MR Imaging and Contrast-Enhanced MR-DSA

All 22 patients underwent extensive spinal MR-DSA with gadolinium contrast and MR imaging (1.5 T and/or 3 T). The extension of the T2 signal hyperintensity and the medullary contrast enhancement was qualified by the number of vertebral levels shown to be affected on T1 and T2 MR images. The appearance of the perimedullary veins was rated subjectively as absent or prominent due to their tortuous and dilated appearance in the T1 and T2 images. Contrast-enhanced MR angiography (CE-MRA) is similar to contrast-enhanced CT angiography, except a gadolinium-based agent (instead of an iodine compound) is injected. Just as iodine produces X-ray attenuation allowing visualization of vessels on CTA, gadolinium shortens the T1 of blood, rendering vessels bright on CE-MRA (Fig. 1).

Fig. 1
figure 1

(a) T1-weighted image on sagittal view showed the swelling of spinal cord with the appearance of central myelopathy. (b) CE-MRA depicted the shunt point at the level of mid-thoracic spine. This modality enabled effective identification of the level of the shunt point


The introduction of multi-detector row computed tomography (MDCT) has allowed further refinements in detecting microstructures in the spinal cord region. MDCT was performed with a commercially available MDCT scanner (Aquilion ONE™/GENESIS Toshiba Medical Systems, Tokyo, Japan) with a gantry rotation speed of 0.35 s and a detector configuration of 32.0 × 1.0 mm; the moving speed of the table was 27 mm/s. All scans were acquired in a cephalocaudal direction. Patients underwent MDCT followed by arterial and venous phases. Patients received 100 mL of iomeprol (Iomeron, 350 mg/mL, Bracco-Eisai, Otsuka, Japan) with a monophasic injection technique by means of a power injector. Analysis of the three-dimensional (3D) data set for the region of interest in all subjects was also done by experienced radiological technicians using a commercially available workstation (ZIOSOFT, ZIOSOFT Inc., Tokyo, Japan). With ZIOSOFT, 3D reconstruction images of the shunt point and the artery of Adamkiewicz were created using CT images of the arterial phase with a slice thickness of 0.5 mm, manually removing adjacent structures such as vertebral bony structures and the outside of the spinal canal.

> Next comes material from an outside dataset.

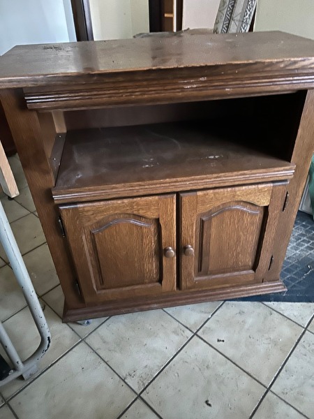 Eiken kastje met twee deuren met daarboven een uitschuifbaar bovenvlak ideaal voor stereomeubel, het top blad kan draaien ideaal om uw TV scherm op te plaatsen en naar uw richting te draaien.Afmetingen : lengte 90 cm, breedte 45,5 cm, hoogte 83 cm

DSA and High-Resolution CBCT

Digital subtraction angiography (DSA) was performed with a femoral approach in a dedicated biplanar neuroangiographic suite. The equipped DSA machine was a flat-panel detector biplane angiography unit (Allura Clarity FD20/20; Philips Medical Systems). Spinal angiography was performed using the standard angiographic technique and investigated total spinal level, including bilateral intercostal artery and adjacent level of the shunt point. Standardized angiography included selective manual injections of 4–5 mL of 300 mg/mL of iodinated nonionic contrast medium into the lumbar and intercostal arteries using a 4 or 5 French in the outer diameter of the catheter designed for the spinal angiography. Furthermore, injections into both vertebral arteries, the costocervical arteries, the thyrocervical trunks, and the arterial feeders of the sacral region were added. Once the shunt point and the Adamkiewicz artery were identified, the high-resolution CBCT was performed in each corresponding artery after the complete set of the entire spinal angiography. High-resolution CBCT was based on motorized rotational angiography acquisition. The shunt lesion and the region of interest were positioned in the system isocenter around which the C-arm takes a circular trajectory of 220°. The motorized frontal C-arm was used to acquire 30 projection images/s at 80 kV, the scanning time was 20 s, and the detector format used was 22 cm × 22 cm. All procedures and acquisitions were performed under general anesthesia. During this acquisition, the anesthesiologist paused the ventilator for around 20 s of apnea to avoid motion artifact. The acquisition dataset was transferred to the workstation (Xtra Vision; Philips Medical Systems) for the reconstruction process. All high-resolution CBCT images were reconstructed with 5123 matrixes centered about the regional shunt point and optimized for the visualization of the ASA, PSA, DSB, and DV. After reconstruction of the three-dimensional volume of interest, anatomical details were evaluated by multiplanar reconstructions with volume rendering and manipulation of the parameters on the maximum intensity projection mode.


The shunt points were well identified on the DSA and CBCT with 100% of sensitivity, while MRI and MR-DSA showed the shunt points in only 9% of the cases. 3D-CT showed 18% of sensitivity (Table 1).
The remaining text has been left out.